9) Иногда параллелизм у Гоголя только подразумевается: «А из окошка далеко блестят горы и Днепр; за Днепром синеют леса… Но не далеким небом и не синим лесом любуется пан Данило (фигура нарастания): глядит он на выдавшийся мыс…» («Страшная месть»).
10) Иногда изысканность формы переходит все пределы, и вот тогда-то ударит по нашим нервам Гоголь намеренно банальной риторикой: «Божественная ночь! Очаровательная ночь». Но странно: именно эта риторика после тончайших красочных сочетаний, после тончайших изгибов фразы загорается невероятным блеском совершенства, и нам начинает казаться, что нет ничего проще и естественнее прозы Гоголя; но то — обман.
Я не могу перечислить здесь и сотой части всех тех сознательных ухищрений, к которым прибегает стилистика Гоголя. Знаю только одно: в стилистике этой отражается самая утонченная душа XIX столетия. Нечеловеческие муки Гоголя отразились в нечеловеческих образах; а образы эти вызвали в творчестве Гоголя нечеловеческую работу над формой.
Быть может, Ницше и Гоголь — величайшие стилисты всего европейского искусства, если под стилем разуметь не слог только, а отражение в форме жизненного ритма души.
I
Жизнь — замкнутая отовсюду комната. Тут мы с рождения до смерти заключены, как в темнице. Перед нами только стены, и никто, наверное, не скажет, что находится за ними. Мы все в одном положении. Видим одно. Знаем одно. Но разнообразно отношение к этому, единому для всех, содержанию жизни.
Мы можем говорить, хотя и заключены в тюрьму, из которой только смерть — выход, что стены темницы стеклянные. И развернутое перед нами содержание жизни — то райские, то адские картины великого Мастера — находится по ту сторону прозрачных стен. И чем глубже наши переживания, тем больше черт мы сумеем увидеть в развернутой панораме.
Мы можем думать и то, что стены нашей темницы вовсе не прозрачны, а разнообразные картины жизни — только фресковая живопись, покрывающая стены. Все это не там, а здесь, с нами. Мы можем тогда изучать свойства красок и род живописи, которой раскрашена наша жизнь.
Нам доступно еще иное отношение к жизни. Когда мы открываем сердце тем картинам, которые вокруг нас, мы можем не задаваться вопросом, где они развернуты. Нет нам нужды скоблить стены нашей тюрьмы в надежде, что отстанет слой красок, покрывающих эти стены, или горевать о том, что краски не отстают, и стало быть, они за стенами, а стены — прозрачные: мы можем любить эти картины жизни независимо от их положения только потому, что они — содержание нашей души. Относится ли это содержание к сущности или видимости — все равно: мы любим все это, а разве любовь спрашивает? Разве она требует документов? Мы любим. Любя, выражаем. И пусть мистик видит в выражении наших переживаний глубокие прозрения в сверхчувственное, а позитивист — только здешнюю жизнь, оба они должны согласиться, что такое выражение переживаний реально истинной, не претендующей на тенденцию реальностью.

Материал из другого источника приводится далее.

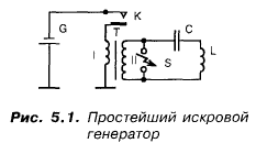 В 1887 г. выводы Максвелла были экспериментально подтверждены Генрихом Герцем. Он построил ИСКРОВОЙ ГЕНЕРАТОР электромагнитных волн и исследовал их свойства. Вот что представлял собой этот генератор (см. рис. 5.1). Его основа — уже известный нам колебательный контур. Но ... поскольку колебания в реальном контуре быстро затухают (а электронных ламп и транзисторов еще и в помине не было), то в качестве быстродействующего коммутатора, позволяющего заряжать конденсатор и переключать его от батареи к катушке, был использован ... искровой промежуток между двумя металлическими шариками!
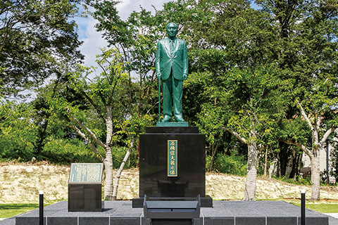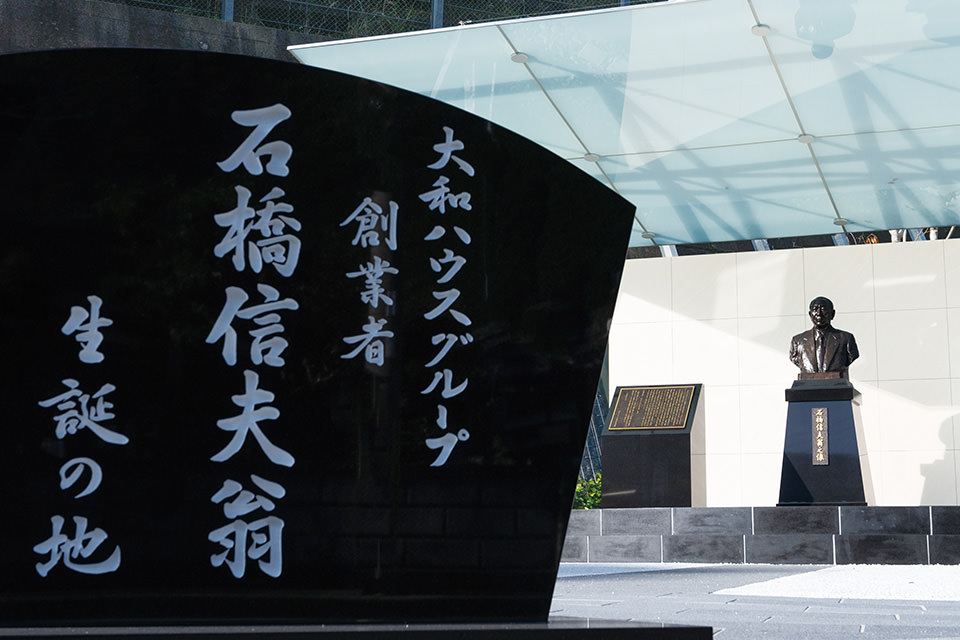 立像は、1993年ごろの石橋信夫をモデルに、在りし日の姿を現(xiàn)しています。生誕の地である奈良?吉野と大和ハウス工業(yè)本社を望み、大和ハウスグループの未來を見守っています。

Одно время ошибочно полагали, что, выражая глубины духа, мы отрываемся от действительности и что глубины нашего духа уже не действительность. Но когда заключили о недействительности всего глубокого и противопоставили плоскость глубине, еще более отошли от действительности в область миражей. Тенденциозное понимание жизни, провозгласившее «тьмы низких истин» в пику «возвышающему обману», тоже грешило против реальности, ибо приняло на веру слова о «возвышающем обмане». В результате получились две уродливых схемы: 1) «жизнь наша… душная… тесная… гроб» (стих Бальмонта), 2) жизнь наша — «печной горшок». Оба понимания жизни далеки от принципов истинного реализма, ибо в одном случае предполагалось a priori, что красоты, развернутые перед нами, — «где-то там, куда нет доступа», а в другом случае они низводились до фресок. В обоих случаях жизнь обращалась в призрак. Забывалось, что истинный реалист не предполагает, а любит то, что есть.
Долгое время только потустороннее выражал символ. Отвергая потустороннее, отвергли символ. Противопоставляли ему понятие. И свели художественное выражение к какому-то мышлению в образах. Но ведь тут последний предел неясности — contradictio in adjecto. Забыли, что символ только выразитель переживания, а переживание (личное, коллективное) — единственная реальность. И если некоторые формальные дисциплины дают возможность заключать о призрачности переживания, то, с другой стороны, эти же дисциплины, проведенные до конца, себя отрицают. А если это так, если призрачны слова о призрачности переживаний как чего-то непосредственно нам данного, то переживание — единственная реальность. И символизм (выражающий и не вопрошающий) — единственная форма реальности.